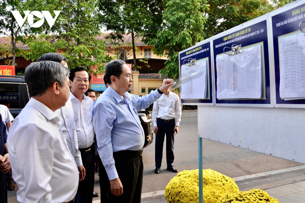 Chủ tịch Quốc hội, Chủ tịch Hội đồng Bầu cử quốc gia Trần Thanh Mẫn và Đoàn công tác khảo sát thực tế khu vực bỏ phiếu số 26 tại phường Ninh Kiều, thành phố Cần Thơ
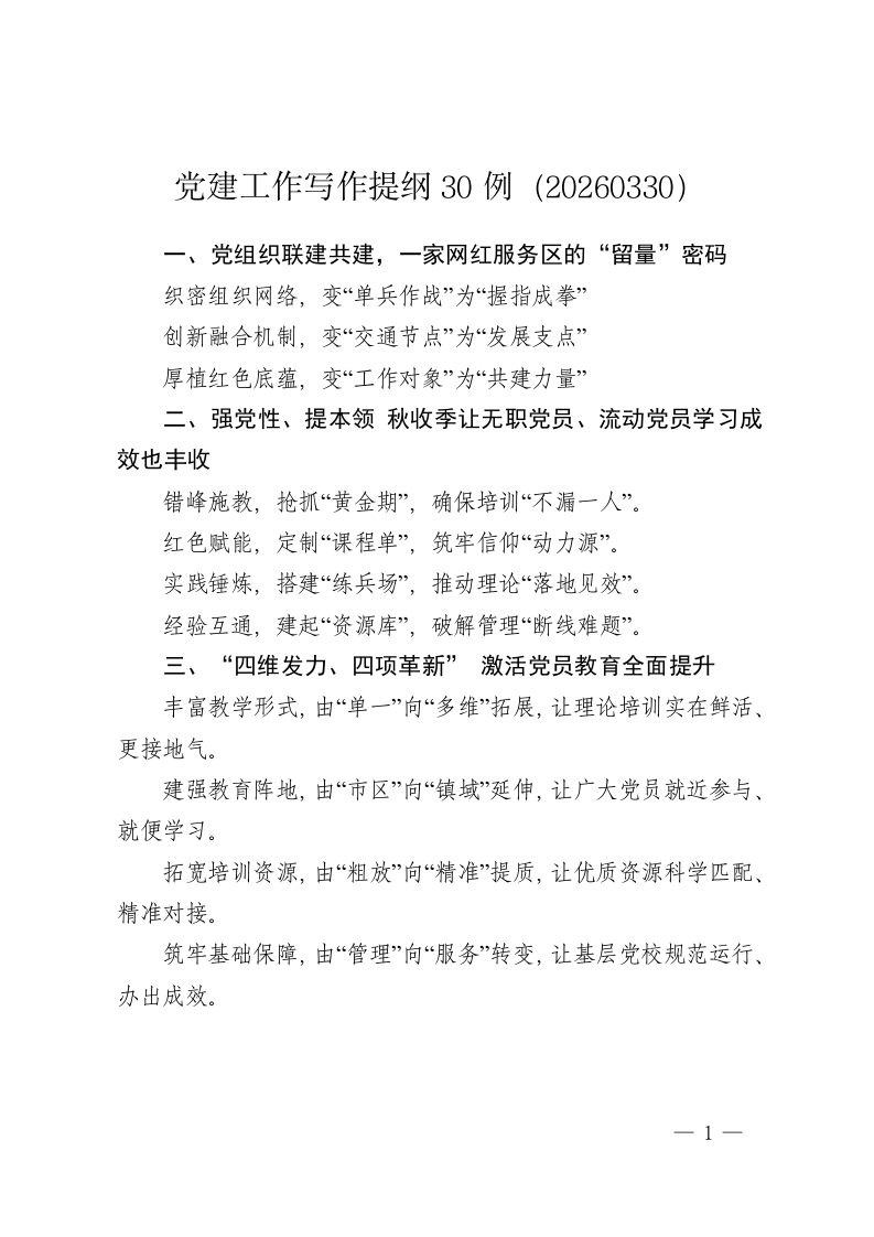 首页写作提升写作提纲党建工作写作提纲30例(20260330)
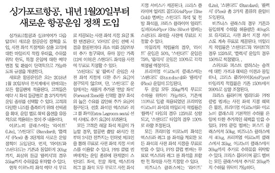 - 싱가포르항공, 내년 1월20일부터 새로운 항공운임 정책 도...
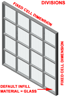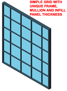 To create the simple Curtain Wall Style illustrated to the left, set the Horizontal and Vertical Divisions to use a Fixed Cell Dimension, specify that dimension, set desirable Widths and Depths for the Frames and Mullions and then set desirable Materials. By starting with a really simple example such as this one, you can work with different values and settings to see how they affect basic components. Once you start nesting layers of Grids, it gets a lot more difficult to visualize in your mind what you need to change in order to get desirable results. |

**What is expected:**
Only one thing is wanted here, an exact copy of the lines from the first line above through the line containing "- 싱가포르항공, 내년 1월20일부터 새로운 항공운임 정책 도...", minus any picture.

**Solution to the problem:**
 Chủ tịch Quốc hội, Chủ tịch Hội đồng Bầu cử quốc gia Trần Thanh Mẫn và Đoàn công tác khảo sát thực tế khu vực bỏ phiếu số 26 tại phường Ninh Kiều, thành phố Cần Thơ
 首页写作提升写作提纲党建工作写作提纲30例(20260330)
 - 싱가포르항공, 내년 1월20일부터 새로운 항공운임 정책 도...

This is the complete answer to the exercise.